3. Keto adaptation (2-4 weeks)
You will need a few weeks to fully adapt to the diet. At this point you must support carbohydrates within 30 g daily - if you are engaged, and 20 g - if not. Keep in mind that on the first level of energy will be slightly lower. This is normally and gradually passing. At this stage, no longer need to be taken by carbohydrate powder.
How much to sit on keto diet and how to date so that the weight does not return
Keto genetic nutrition can last from 3-4 weeks to a year. There is no point in adhering to eating less than three weeks, because during that time your body will pass by adaptation through Keta and you will start just getting all the benefits of this diet. As for the conditions for over a year, there is not enough scientific data for the trial, but we eat this life is a bad idea. First, an extended keto diet increases the risk of liver obesity, hypoproteinemia, kidney and lack of vitamins and minerals. Second, leaving one of the macro elements does not affect life life in the best way. Data analysis More than 15 thousand people showed that both excess and lack of carbohydrates increase the risk of death in the long run. The longest lived people whose diet consisted of carbohydrates for 50-55%.
Good news: It will not be so difficult to keep the weight after eating diet.

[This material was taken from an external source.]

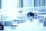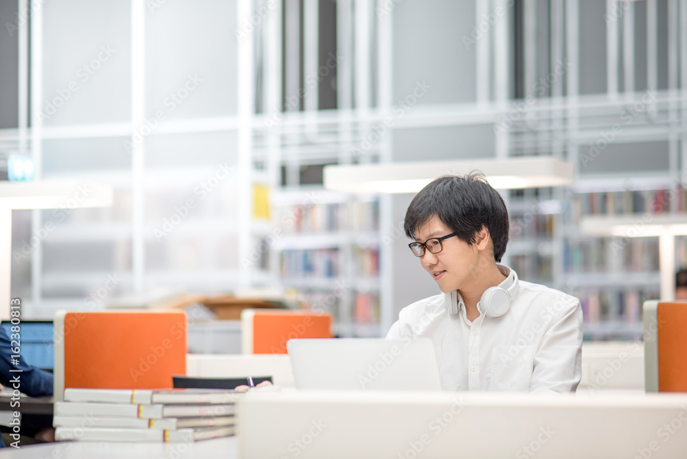 Young Asian university student working with laptop computer and notebook in library, self learning and college lifestyle concepts

With a conventional nutrition with a cut content of calories, the amount of hormone hormone Ghrelin is increasing, which is why a person wants to eat all the time, breaks even after the food is completed. The study showed that they do not appear with ketogenic such changes, so it would be easier to keep the weight. The second study testified that 40 days of nutrition with halftime breaks for Mediterranean diet led to a stable weight loss without further expensive.
Mediterranean diet is a great option after Keto. It also contains a lot of fat you will get used to, and carbohydrates are consumed from useful sources: whole grain products, vegetables and fruits. Unlike Keto Child, the Mediterranean can be maintained all your life without health risks.